The Haiti Support Group is one of the groups which has expressed concern. Director Charles Arthur stated "Six or nine months from now, when the images of starving Haitian children are broadcast on North American and European television, people will ask how the situation in Haiti was allowed to get so bad. If Haitian farmers don't get help, we are looking at the strong possibility of a terrible famine."

 

The UN is seeking to hold a global food summit in the first half of 2009 (dates TBD) to seek fairer trade and help farmers in poor countries make a decent living. Jacques Diouf, head of the Food and Agriculture Organisation (FAO), said the summit would seek to reform trade, encourage greater food production in developing countries and ensure funding for infrastructure and agricultural productivity. Diouf said he hoped the summit would find $30 billion a year to help boost developing country farm output.

 

The World Food Program (WFP) reports it has thus far distributed rations to more than half a million people, including 266,000 in the storm-ravaged northern city of Gonaives. But many flood survivors complain they have not received enough food.
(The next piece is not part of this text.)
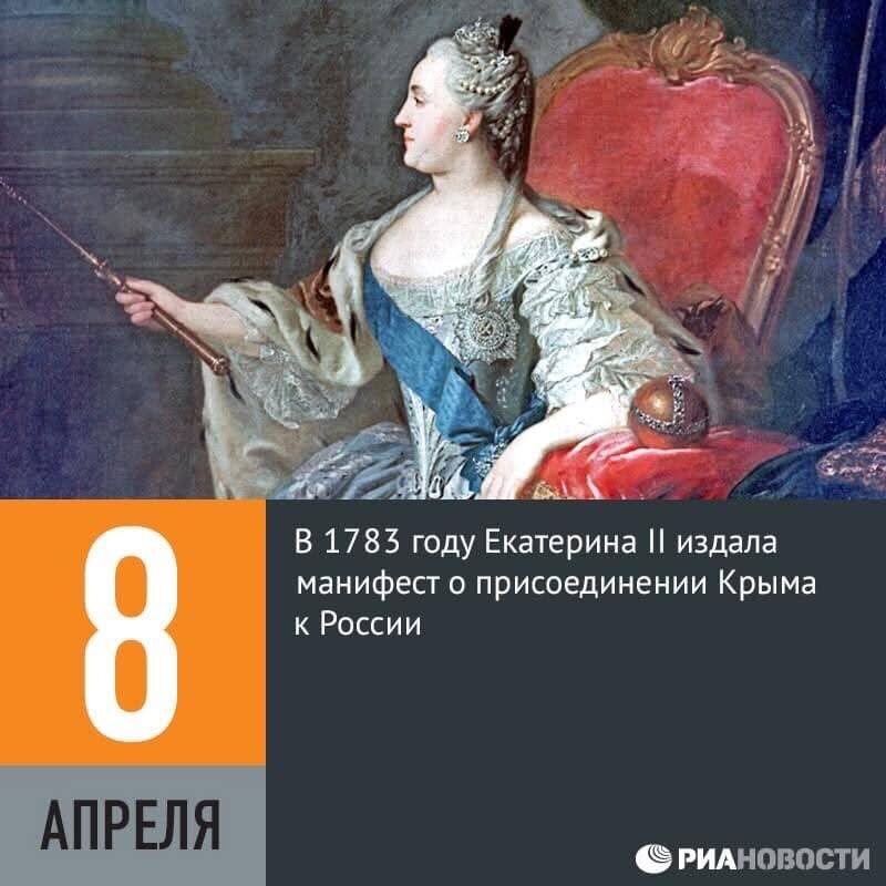 8 апреля 1783 года Екатерина II издала манифест о присоединении Крымского полуострова, Тамани и Кубани к Российской империи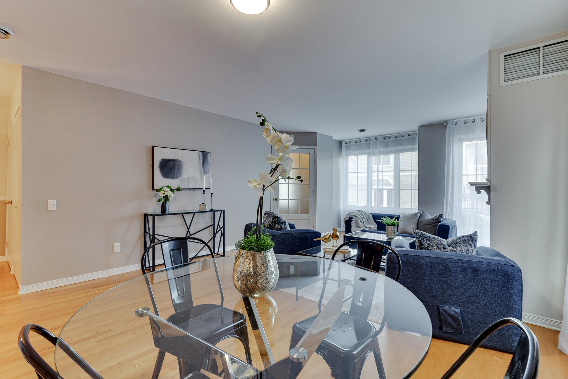 Superbe condo sur deux étages avec grand sous-sol, situé à quelques pas du métro Du Collège. Cette unité lumineuse et bien entretenue offre 2 chambres, 2 salles de bains, ainsi qu'une aire de vie ouverte au design chaleureux. Vous profiterez d'une entrée privée, d'une cuisine fonctionnelle, d'un grand sous-sol polyvalent -- idéal pour salle familiale, bureau, rangement ou espace de jeux -- et d'un aménagement pensé pour optimiser confort et praticité. Accès direct au garage+1 ext.Idéalement situé à proximité des services, commerces, écoles et transports, ce condo répond parfaitement aux besoins des professionnels, couples ou petites familles.

The WFP home page features a link through which concerned individuals can make a donation for their food assistance programs in Haiti.

 

Interestingly, WFP and the International Fund for Agricultural Development (IFAD) have launched a joint initiative with the Bill & Melinda Gates Foundation which aims to help provide poor rural farmers with financial protection following natural hazard events. Under the initiative, the foundation is providing US$998,000 in funding to support the research and planning for insurance schemes designed to help shield small farmers from the impact of natural disasters and climate change.

 

Support from the foundation will be used to assess the experience of ongoing initiatives in index insurance and define the key factors in creating widespread access to index insurance. This analysis will benefit from collaborations of leading public and private sector experts in the field. The IFAD-WFP team will also develop an overall strategy for a joint Weather Risk Management Facility (WRMF) that would build the capacity of public and private entities in weather insurance and develop and test delivery models for index insurance relevant to rural smallholders.

 

Weather index-based insurance schemes have been successfully piloted in a number of countries including Ethiopia,Malawi , Nicaragua,Honduras and India.  Payouts to farmers who subscribe to the schemes are triggered by pre-defined and independently-verifiable indices tracking events such as lack of rainfall during critical crop growing periods. Weather indexed insurance has also been piloted by WFP as the basis for the first humanitarian insurance policy for Ethiopia.

 

A number of strategic partners will play critical roles in this work, including the World Meteorological Organization, which establishes quality and accessibility standards for weather data around the world. In addition, the International Research Institute for Climate and Society (IRI) will support the climate science behind this project and disseminate some of the findings.

 

We'll continue to keep you updated on any new food security developments.  Happy Thanksgiving from Haiti Innovation.